Hi Bonnie, Did we figure this out? I remember you mentioned it before but forgot if it was addressed or not.

BonnieCSE commented 4 years ago

Hi Nima, I don't think we've figured it out yet. I think the Key Errors are related to codis markers? -Bonnie

On Thu, Feb 13, 2020 at 10:50 AM Nima Mousavi notifications@github.com wrote:

Hi Bonnie, Did we figure this out? I remember you mentioned it before but forgot if it was addressed or not.

— You are receiving this because you authored the thread. Reply to this email directly, view it on GitHub https://github.com/gymreklab/GangSTR/issues/81?email_source=notifications&email_token=ALW3KKWOG6SOIJGVBK5MN6TRCWI6XA5CNFSM4JMMWG7KYY3PNVWWK3TUL52HS4DFVREXG43VMVBW63LNMVXHJKTDN5WW2ZLOORPWSZGOELWFS6A#issuecomment-585914744, or unsubscribe https://github.com/notifications/unsubscribe-auth/ALW3KKT5OZESCP4J4INWC7TRCWI6XANCNFSM4JMMWG7A .

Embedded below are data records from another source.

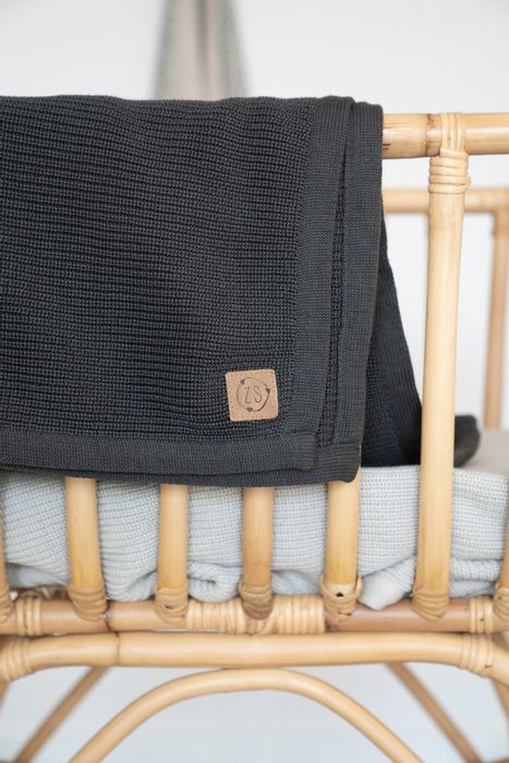 Mooie, gebreide Zusss wiegdeken van grafietgrijs breisel. Het dekentje is 75x100cm groot en is gemaakt van katoen. Je kunt hem wassen op 40 graden, laat hem drogen aan de lucht en we adviseren je om hem niet te strijken. Het dekentje kun je in een standaard wieg van 40x80cm gebruiken, of lekker in de kinderwagen. Op het dekentje staat het speciale Zusss logo van de babycollectie. Meer accessoires voor op de babykamer vind je in de Zusss babycollectie.
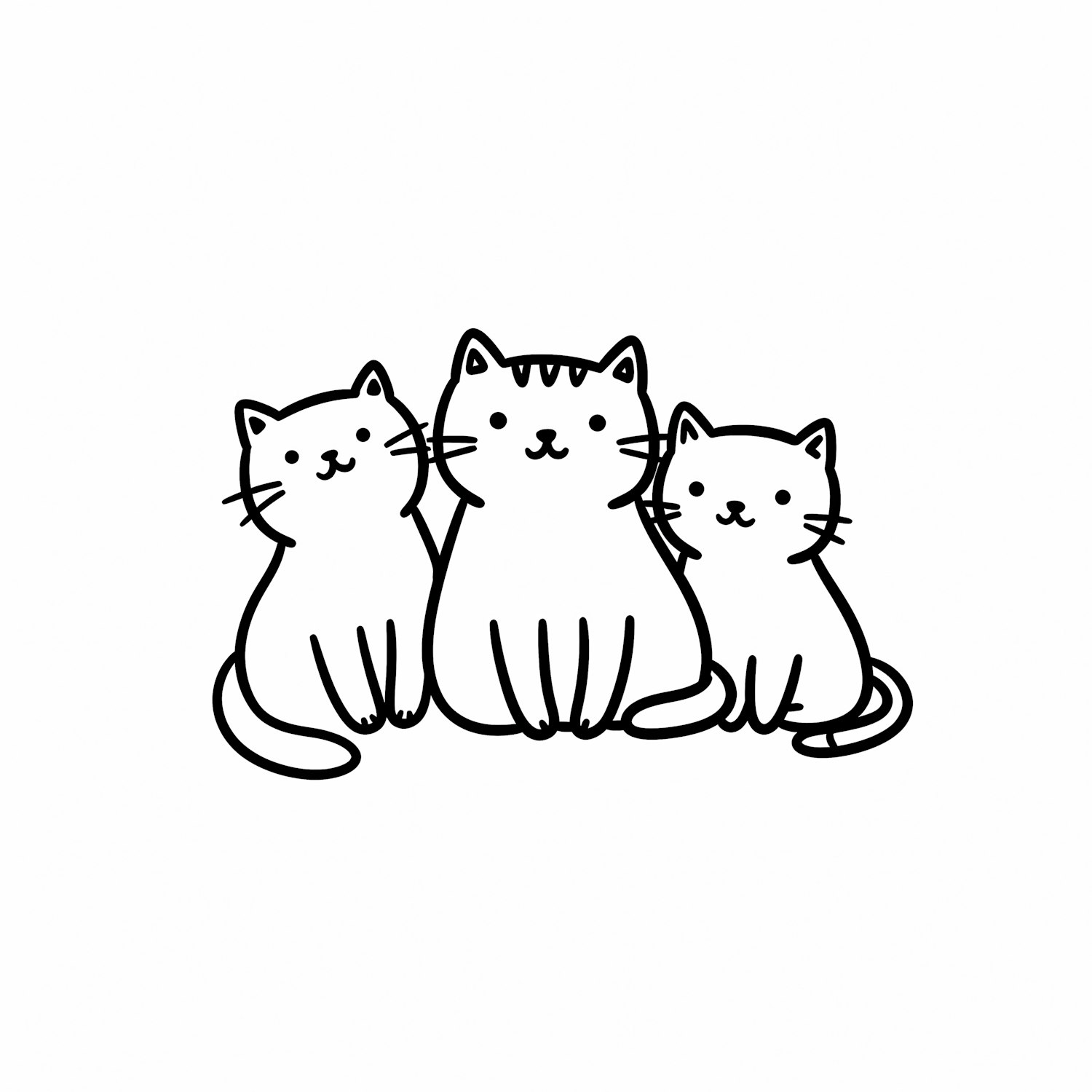 A charming black-and-white line drawing of three cartoon cats sitting together, showcasing a minimalist and adorable design.
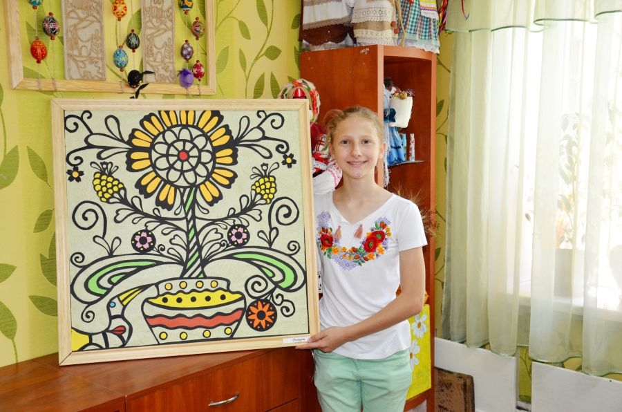 − Дочка в студії займається з другого класу. Ми її в це приміщення водили на танці. Оля кілька років бачила, як у сусідній кімнаті діти ліплять із глини, малюють, щось вирізають, роблять ляльки-мотанки. Захотіла й собі спробувати. Перші дні я сиділа поряд і допомагала. Мені сподобалося, що Галина Володимирівна дозволяє батькам бути поруч і навіть сама запрошує. Якщо ліплять із глини, то дитині треба допомогти її розім’яти. Оля ліпила маленьких звіряток, потім їх розмальовувала. На Різдвяні свята робила різні композиції колядників. У неї є дуже гарне панно «Жив-був пес». На якомусь конкурсі було найкращим. Воно розміщене в приймальні голови ЧОДА з іншими дитячими роботами цієї студії. Але найбільше їй подобається витинанка і мотанки. Думаю, що здібності фантазувати Оля перейняла від усіх жінок нашого роду. Я вмію шити, прабабусі Олі дуже гарно вишивали, а по чоловіковій ліній бабуся сама розробляла малюнки для килимів. Коли Оля готувалася до виставок, то багато працювала, недосипала. Стипендію Президента витрачатиме лише на свої потреби. Вона в нас не транжира, вміє економити. Заощаджує з кишенькових грошей, складає ті, що їй дарують на день народження чи свята. Витрачає їх на матеріали для творчості або поїздки на виставки і змагання по фітнесу, − каже мати Олена Олександрівна і зізнається. − У неї зараз настає такий період, коли треба буде визначатися з майбутньою професією. Ми з чоловіком даємо їй повну свободу вибору. Вона ще має математичні здібності, перемагає на обласних олімпіадах. Любить інформатику і займається фітнесом. Має наполегливий характер. Хочеться, щоб Оля в майбутньому знайшла себе саме в тому, що їй приноситиме задоволення від роботи. Бо це дуже важливо для людини.
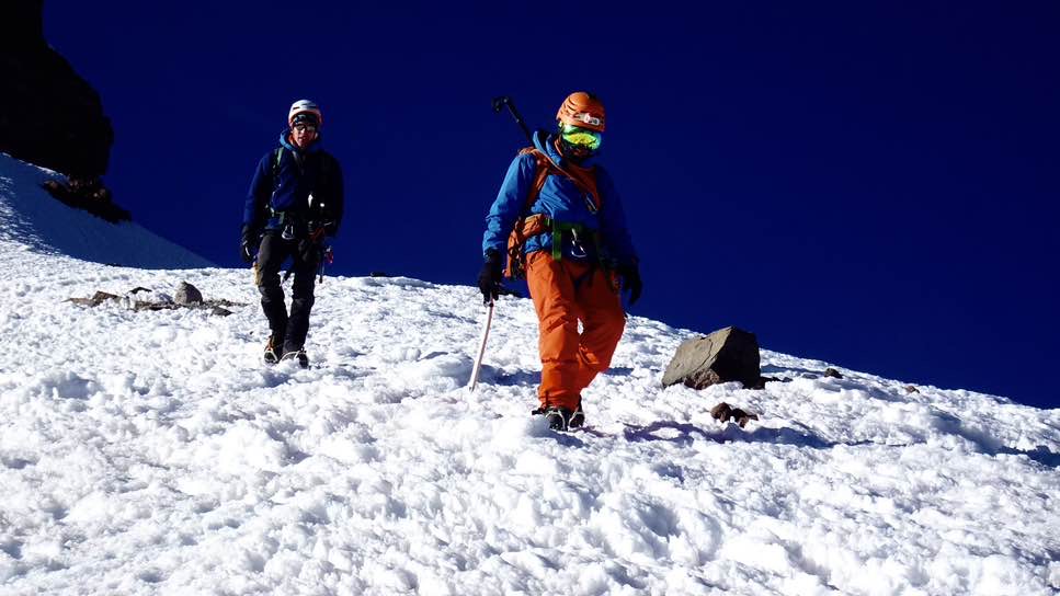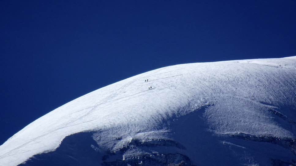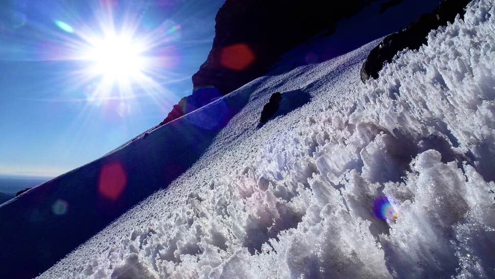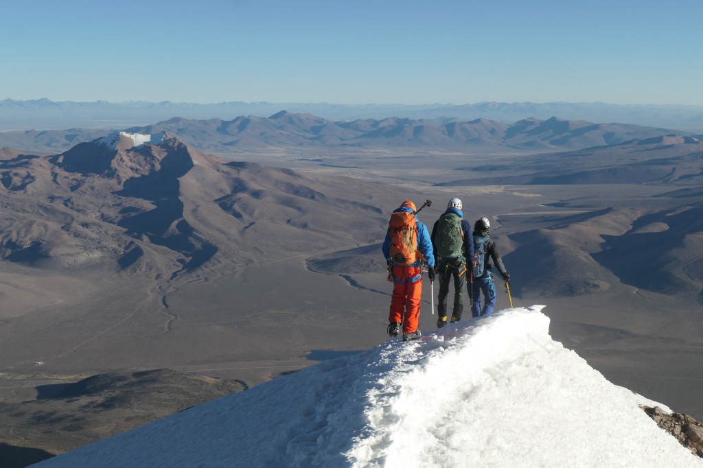 Und dann, auf einer Höhe von knapp 6000 Meter angekommen, fangen die eigentlichen Herausforderungen an: ein langer Gipfelhang, ohne Unterbrechung, ständig ca. 35 bis 45° steil, der in engen Serpentinen durch die zum Glück derzeit nur kleinen „Penitentes“ (Büssereis) bewältigt werden muss. Im Dunkeln gibt es gar keinen Anhaltspunkt und nur der Höhenmesser kann einem mitteilen, dass man zwar langsam aber doch stetig an Höhe gewinnt.
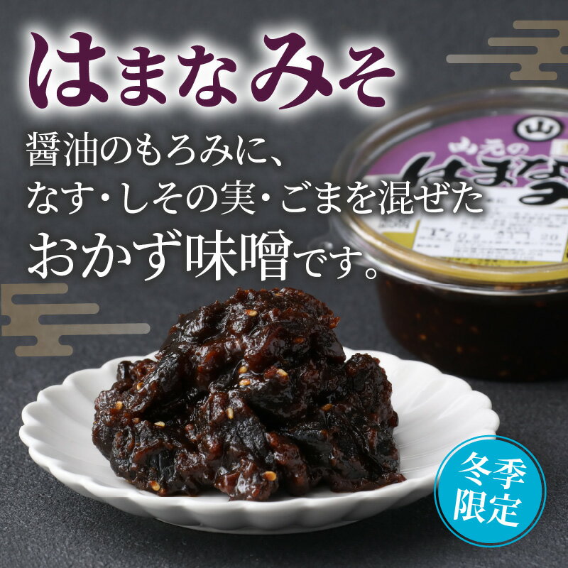 - 【ふるさと納税】越前大野 山元醤油の「はまなみそ3個」+「なんばみそ1個」+「ゆずみそ1個」計5個【3種食べ比べセット】[A-040007] | お歳暮 味噌 みそ ご飯のお供 おつまみ ディップ プレゼント お中元 醗酵食品 詰め合わせ
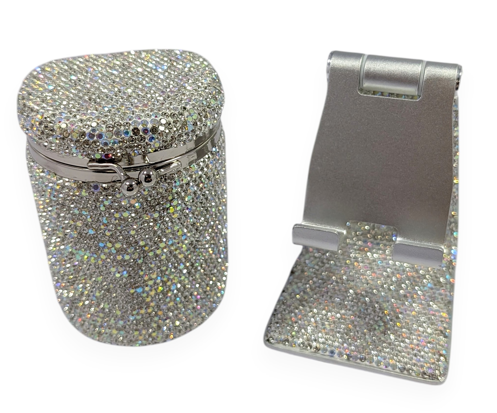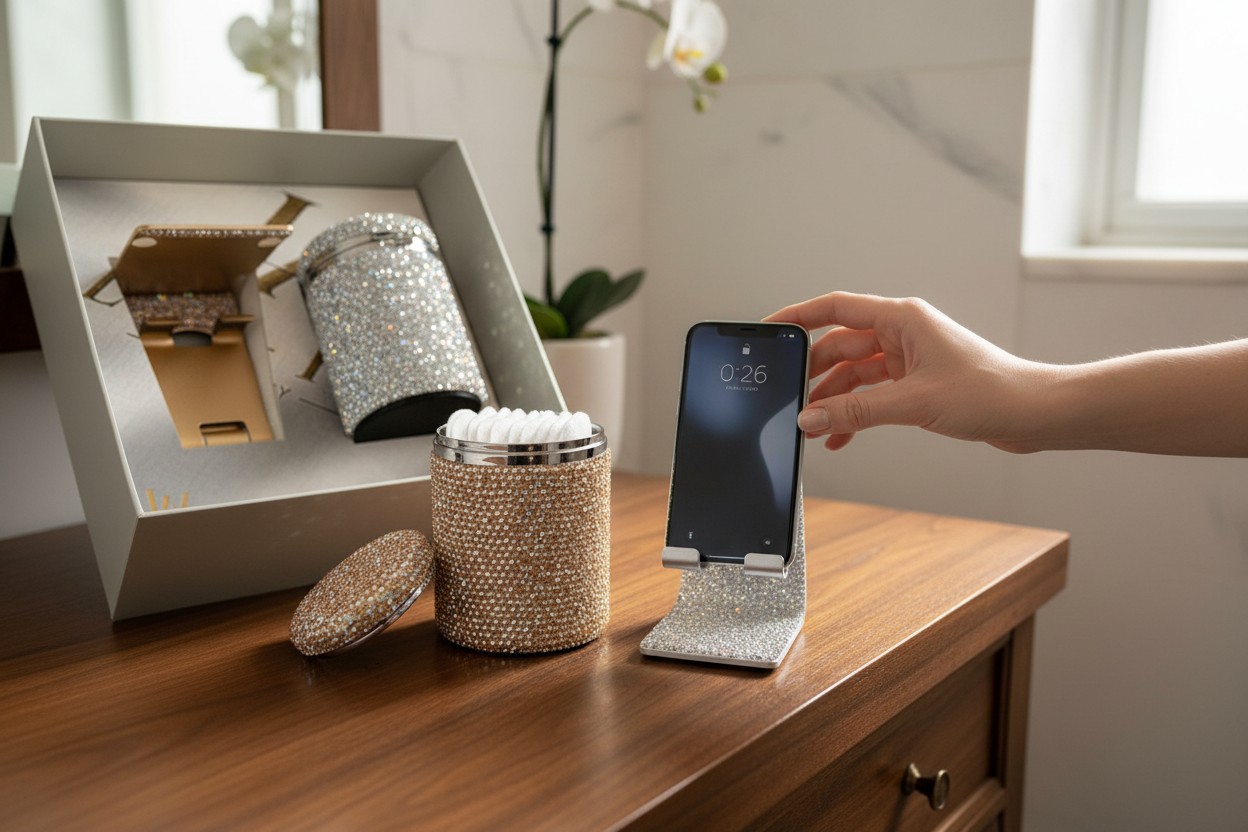 • Luxury Rhinestone Phone Holder – A shimmering, high‑quality stand adorned with radiant rhinestones. Perfect for desks, vanities, nightstands, or video calls.
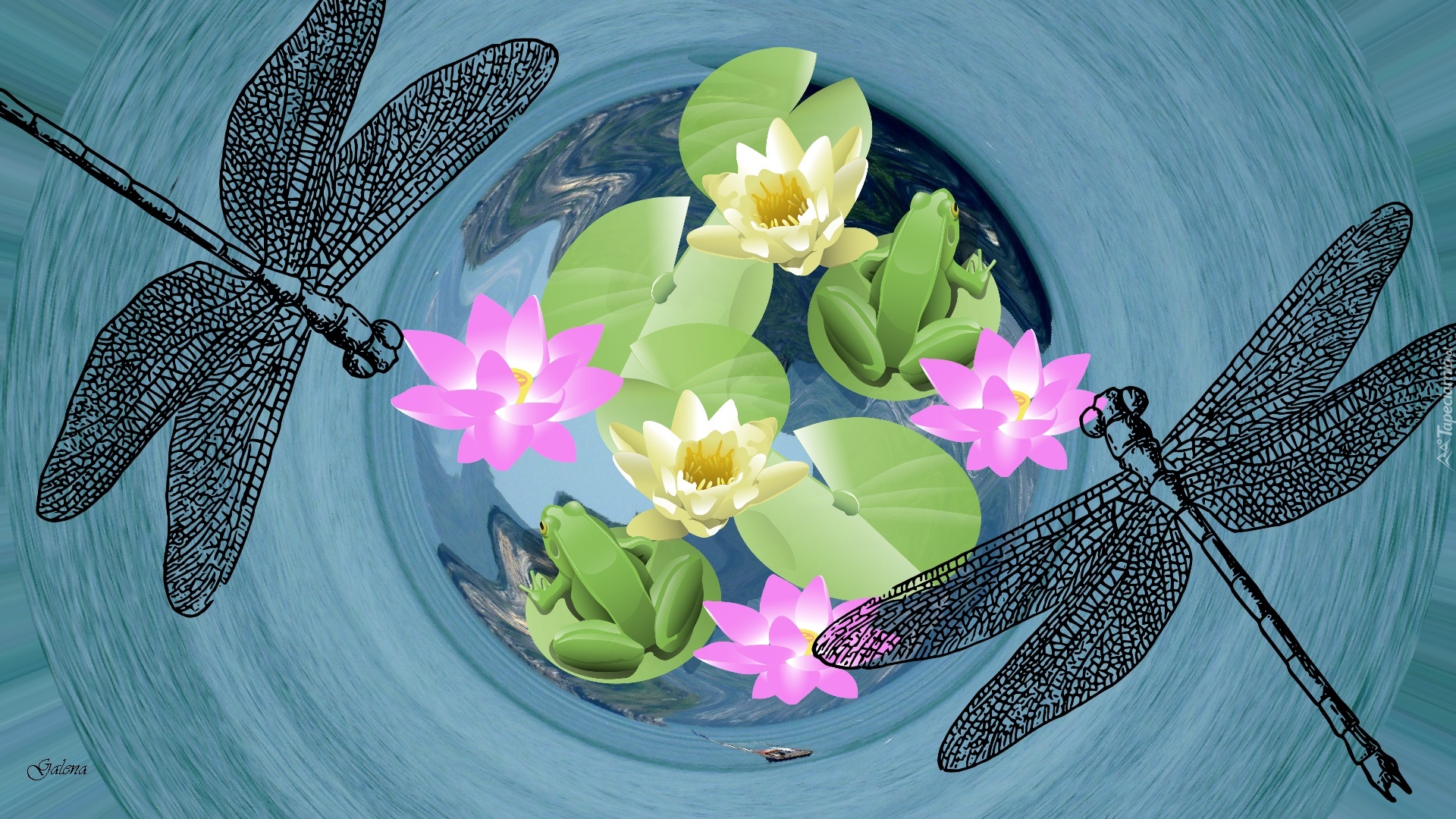 Edytor tapety: Wazki, Stawik, Lilie Wodne, Żaby, Grafika
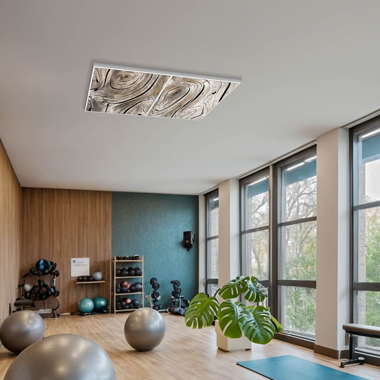 Entdecken Sie unsere vielseitigen Lichtdecken, hier in der Größe 124 x 62cm mit dem Motiv Motiv Holzwirbel - Ihre Beleuchtungslösung für jede Umgebung Beleuchten Sie Ihren Raum nicht nur, sondern schaffen Sie Atmosphäre! Die banjado Lichtdecke verwandelt jeden Ort, ob zu Hause, in Praxen, Büros oder Studios in eine Wohlfühloase. Unsere einzelnen Elemente haben eine genormte Einheitsgröße von 62 x 62cm und können somit in jede gängige Rasterdecken verbaut werden. So finden Sie Ihre passende Ausführung: Gern helfen wir Ihnen, die passende Ausführung zu wählen. Hierfür muss die aktuelle Gegebenheit Ihrer Decke oder Wand beachtet werden. Haben Sie bereits eine Rasterdecke (auch Odenwalddecke genannt)? Hier bestellen Sie lediglich das Motiv + Beleuchtungspanel, denn beides wird in die bereits vorhandene Decke eingelegt. Haben Sie eine glatte Decke mit Lichtauslass oder möchten die Lichtdecke an der Wand befestigen? Hier bestellen Sie bitte Motiv + Beleuchtungspanel + Deckenbefestigung, eine Aufbauanleitung liegt immer bei. Die Lichtdecke kann sowohl an der Decke als auch an der Wand montiert werden, perfekt für kreative Lichtakzente oder alternative Beleuchtungslösungen. Haben Sie bereits eine Lichtdecke und möchten nur das Motiv wechseln? Hier bestellen Sie bitte nur Motiv, der Wechsel ist denkbar einfach. Der Aufbau Ihrer banjado Lichtdecke gestaltet sich unkompliziert, dank einer verständlichen Anleitung, die Ihnen Schritt für Schritt durch den Montageprozess hilft. Für die endgültige Installation und den sicheren Anschluss empfehlen wir die Hinzuziehung eines Fachmanns, um die optimale Funktion und Sicherheit Ihrer Beleuchtung zu gewährleisten. Falls Sie einen Fachmann für die Installation benötigen, geben Sie uns gern Bescheid, wir vermitteln Ihnen gern einen geeigneten Ansprechpartner aus Ihrer Nähe. Steuerung: Steigern Sie Ihr Beleuchtungserlebnis mit der nahtlosen Integration in Ihr Smart Home. Durch die Kompatibilität mit der SmartLife App, Alexa und Google Assistant wird Ihr Smartphone zur zentralen Steuerungseinheit. Ihr Handy fungiert hierbei sozusagen als Fernbedienung. Legen Sie individuelle Lichtszenen in der App fest, die bei Aktivierung über den Wand-Ein-/Ausschalter immer wieder abgerufen werden können ohne Handy. Mit der Szenenfunktion in der Smart App können Sie die Beleuchtung personalisieren und steuern, sodass sie auf Ihre individuellen Bedürfnisse, Tagesrhythmus und Stimmung zugeschnitten ist. Beispielsweise können Sie sich in der Morgendämmerung durch ein sanftes Licht wecken lassen oder das Licht der Praxis werktags um 7 Uhr automatisch einschalten lassen. Dieses kann dann natürlich auch zu einer bestimmten Zeit automatisch ausgeschaltet werden. Motivwahl: Diese einzigartige Lichtdecke zeichnet sich durch ihre Fähigkeit aus, die Lichtfarbe je nach gewähltem Motiv anzupassen - ein Baum wirft ein sanftes grünes Licht, während eine Wolkendecke Ihren Raum in ein beruhigendes blaues Leuchten hüllt. Berücksichtigen Sie dies bitte bei Ihrer Motivauswahl. Sie können das Motiv jederzeit ohne großen Aufwand austauschen, ob nach Jahreszeit oder anderem Anlass, unsere Auswahl lässt kaum Wünsche offen. Wir fertigen Ihnen gern eine personalisierte Lichtdecke mit einem eigenen Motiv oder Logo oder Foto, schreiben Sie uns jederzeit an. Technische Daten: Das Motiv ist auf einer 4mm starken Acrylglas Scheibe aufgebracht, das Gesamtgewicht Ihrer Ausführung beträgt 9,9kg. Die Farbtemperatur lässt sich frei einstellen von 3000 bis 6000 Kelvin, damit können Sie stufenlos zwischen warmweiß, neutralweiß und kaltweiß wählen. Die Gesamtleistung bei Ihrer gewählten Ausführung beträgt 80W. Der Lichtstrom beträgt 3600 Lumen, die Nennspannung 230 V. Die Lichtdecke ist mit Schutzart IP20 für den Innenbereich konzipiert und sollte nicht im Nassbereich verwendet werden.
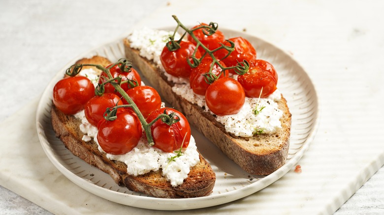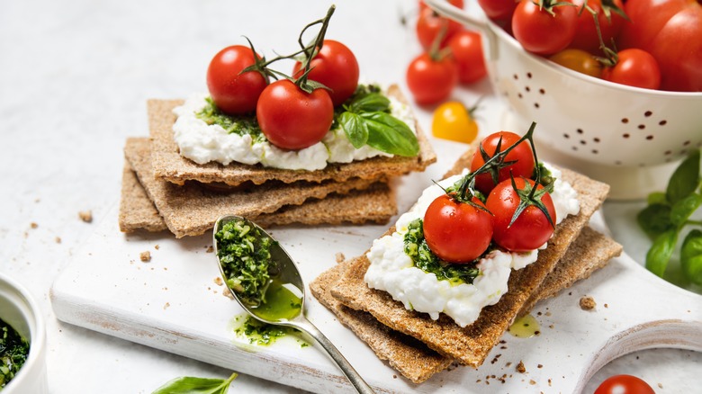 Captivatingly vibrant from appearance to taste, Caprese salad is a welcomed sight at any dining table. It typically consists of tomatoes, basil, and fresh mozzarella, all drizzled with olive oil, balsamic vinegar, and a pinch of salt. While this familiar combination is one that never fails to delight, switching things up every once in a while is just as fun. If you don't want to alter this dish entirely and only want to add a different, tangy edge, swapping the mozzarella with cottage cheese is an excellent idea.

nmmsv commented 4 years ago

O cool I remember now. If you have the bed file that created this issue can you add it here? That way I can reproduce the error and take it from there!

BonnieCSE commented 4 years ago

Is it ok if I send the vcf file? I can't seem to find the bed file.

chr5_subset.vcf is a subset of chr5 (contains one of the 3 lines that cause the error), and when it is the input vcf for dumpSTR, the error is thrown. plat_merged_errors.vcf contains all 3 of the lines that cause dumpSTR to throw the Key Error.

chr5_subset.vcf.gz plat_merged_errors.vcf.gz

nmmsv commented 4 years ago

awesome, thanks! I'll check them out later.